* DATASET CONTENT

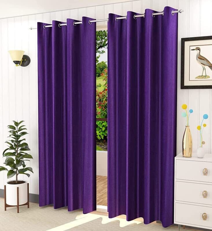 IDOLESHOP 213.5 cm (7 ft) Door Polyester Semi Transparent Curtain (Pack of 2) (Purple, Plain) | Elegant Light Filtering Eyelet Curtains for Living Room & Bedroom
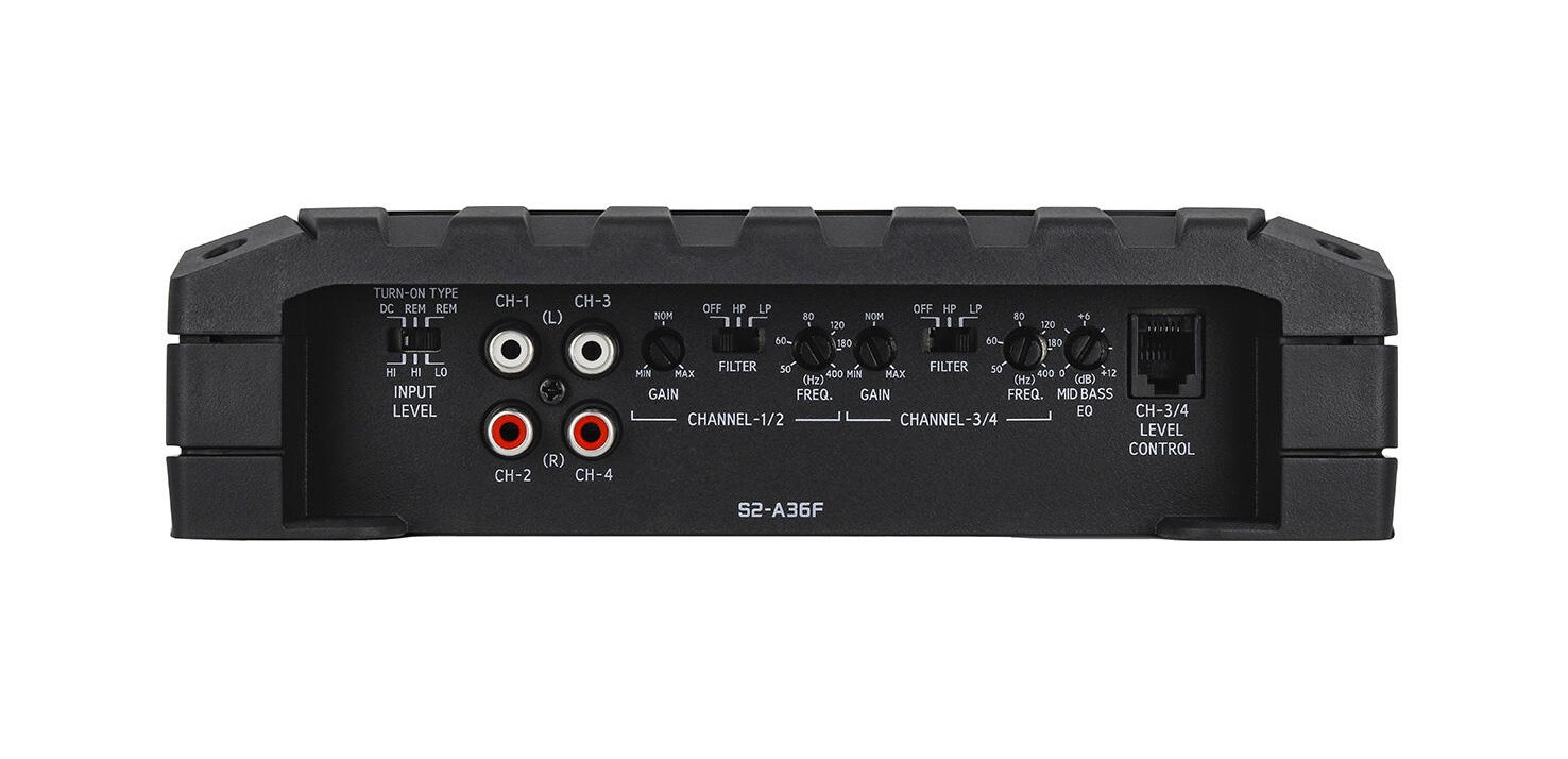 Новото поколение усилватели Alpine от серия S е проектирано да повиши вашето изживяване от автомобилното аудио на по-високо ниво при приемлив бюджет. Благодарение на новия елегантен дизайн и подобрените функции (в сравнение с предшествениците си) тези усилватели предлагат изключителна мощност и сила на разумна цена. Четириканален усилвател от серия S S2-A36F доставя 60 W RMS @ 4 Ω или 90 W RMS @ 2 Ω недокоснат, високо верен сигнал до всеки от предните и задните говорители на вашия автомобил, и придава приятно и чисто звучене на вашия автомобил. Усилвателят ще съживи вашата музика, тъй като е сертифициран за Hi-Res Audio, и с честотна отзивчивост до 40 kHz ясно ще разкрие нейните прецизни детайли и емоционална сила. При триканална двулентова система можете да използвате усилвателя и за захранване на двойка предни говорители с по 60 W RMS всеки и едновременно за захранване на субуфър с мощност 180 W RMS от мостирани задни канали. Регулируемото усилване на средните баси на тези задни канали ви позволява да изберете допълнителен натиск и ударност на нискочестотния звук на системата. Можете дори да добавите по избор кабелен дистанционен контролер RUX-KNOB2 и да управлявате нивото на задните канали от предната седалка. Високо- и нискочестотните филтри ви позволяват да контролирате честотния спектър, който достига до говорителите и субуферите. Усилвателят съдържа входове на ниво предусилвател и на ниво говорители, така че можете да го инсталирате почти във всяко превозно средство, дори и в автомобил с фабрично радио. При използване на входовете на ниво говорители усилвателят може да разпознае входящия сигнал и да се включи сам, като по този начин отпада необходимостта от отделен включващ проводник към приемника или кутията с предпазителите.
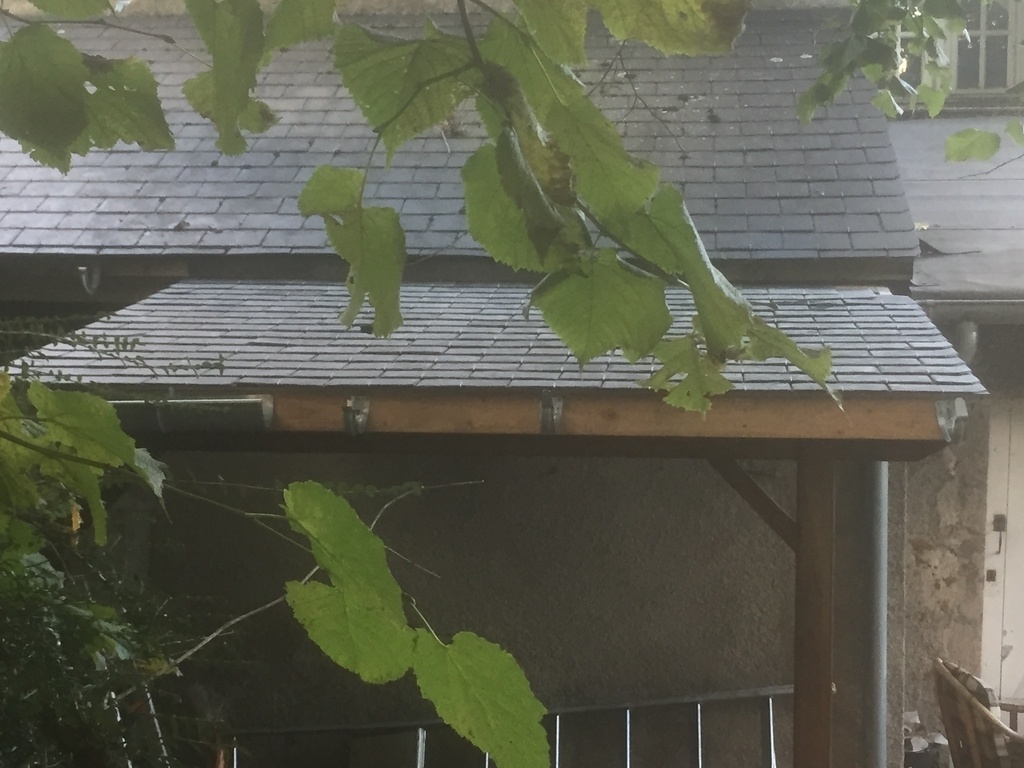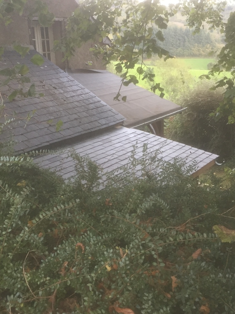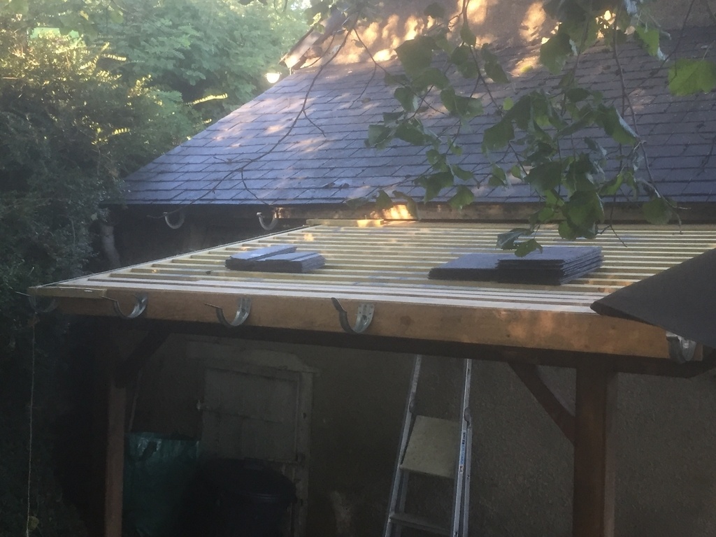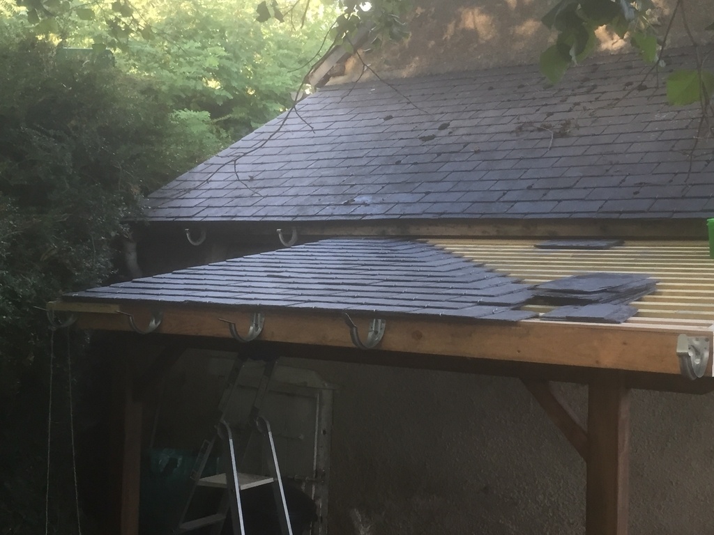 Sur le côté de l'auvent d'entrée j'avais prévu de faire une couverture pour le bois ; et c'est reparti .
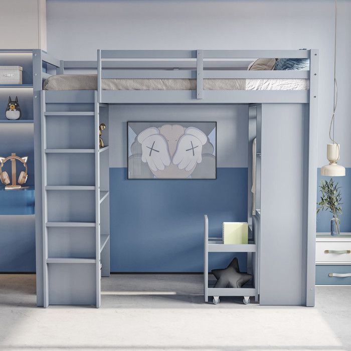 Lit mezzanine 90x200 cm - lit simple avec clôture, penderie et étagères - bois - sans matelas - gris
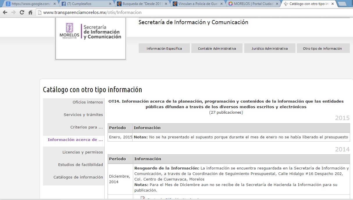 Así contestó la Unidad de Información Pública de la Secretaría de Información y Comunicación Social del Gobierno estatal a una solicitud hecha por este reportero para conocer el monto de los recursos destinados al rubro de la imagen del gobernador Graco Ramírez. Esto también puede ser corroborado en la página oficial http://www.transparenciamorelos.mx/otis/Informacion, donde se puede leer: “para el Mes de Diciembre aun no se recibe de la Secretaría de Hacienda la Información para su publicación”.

* WHAT IS BEING ASKED
Would you retype every line shown above exactly, leaving the pictures aside?

* EXERCISE OUTPUT
 IDOLESHOP 213.5 cm (7 ft) Door Polyester Semi Transparent Curtain (Pack of 2) (Purple, Plain) | Elegant Light Filtering Eyelet Curtains for Living Room & Bedroom
 Новото поколение усилватели Alpine от серия S е проектирано да повиши вашето изживяване от автомобилното аудио на по-високо ниво при приемлив бюджет. Благодарение на новия елегантен дизайн и подобрените функции (в сравнение с предшествениците си) тези усилватели предлагат изключителна мощност и сила на разумна цена. Четириканален усилвател от серия S S2-A36F доставя 60 W RMS @ 4 Ω или 90 W RMS @ 2 Ω недокоснат, високо верен сигнал до всеки от предните и задните говорители на вашия автомобил, и придава приятно и чисто звучене на вашия автомобил. Усилвателят ще съживи вашата музика, тъй като е сертифициран за Hi-Res Audio, и с честотна отзивчивост до 40 kHz ясно ще разкрие нейните прецизни детайли и емоционална сила. При триканална двулентова система можете да използвате усилвателя и за захранване на двойка предни говорители с по 60 W RMS всеки и едновременно за захранване на субуфър с мощност 180 W RMS от мостирани задни канали. Регулируемото усилване на средните баси на тези задни канали ви позволява да изберете допълнителен натиск и ударност на нискочестотния звук на системата. Можете дори да добавите по избор кабелен дистанционен контролер RUX-KNOB2 и да управлявате нивото на задните канали от предната седалка. Високо- и нискочестотните филтри ви позволяват да контролирате честотния спектър, който достига до говорителите и субуферите. Усилвателят съдържа входове на ниво предусилвател и на ниво говорители, така че можете да го инсталирате почти във всяко превозно средство, дори и в автомобил с фабрично радио. При използване на входовете на ниво говорители усилвателят може да разпознае входящия сигнал и да се включи сам, като по този начин отпада необходимостта от отделен включващ проводник към приемника или кутията с предпазителите.
 Sur le côté de l'auvent d'entrée j'avais prévu de faire une couverture pour le bois ; et c'est reparti .
 Lit mezzanine 90x200 cm - lit simple avec clôture, penderie et étagères - bois - sans matelas - gris
 Así contestó la Unidad de Información Pública de la Secretaría de Información y Comunicación Social del Gobierno estatal a una solicitud hecha por este reportero para conocer el monto de los recursos destinados al rubro de la imagen del gobernador Graco Ramírez. Esto también puede ser corroborado en la página oficial http://www.transparenciamorelos.mx/otis/Informacion, donde se puede leer: “para el Mes de Diciembre aun no se recibe de la Secretaría de Hacienda la Información para su publicación”.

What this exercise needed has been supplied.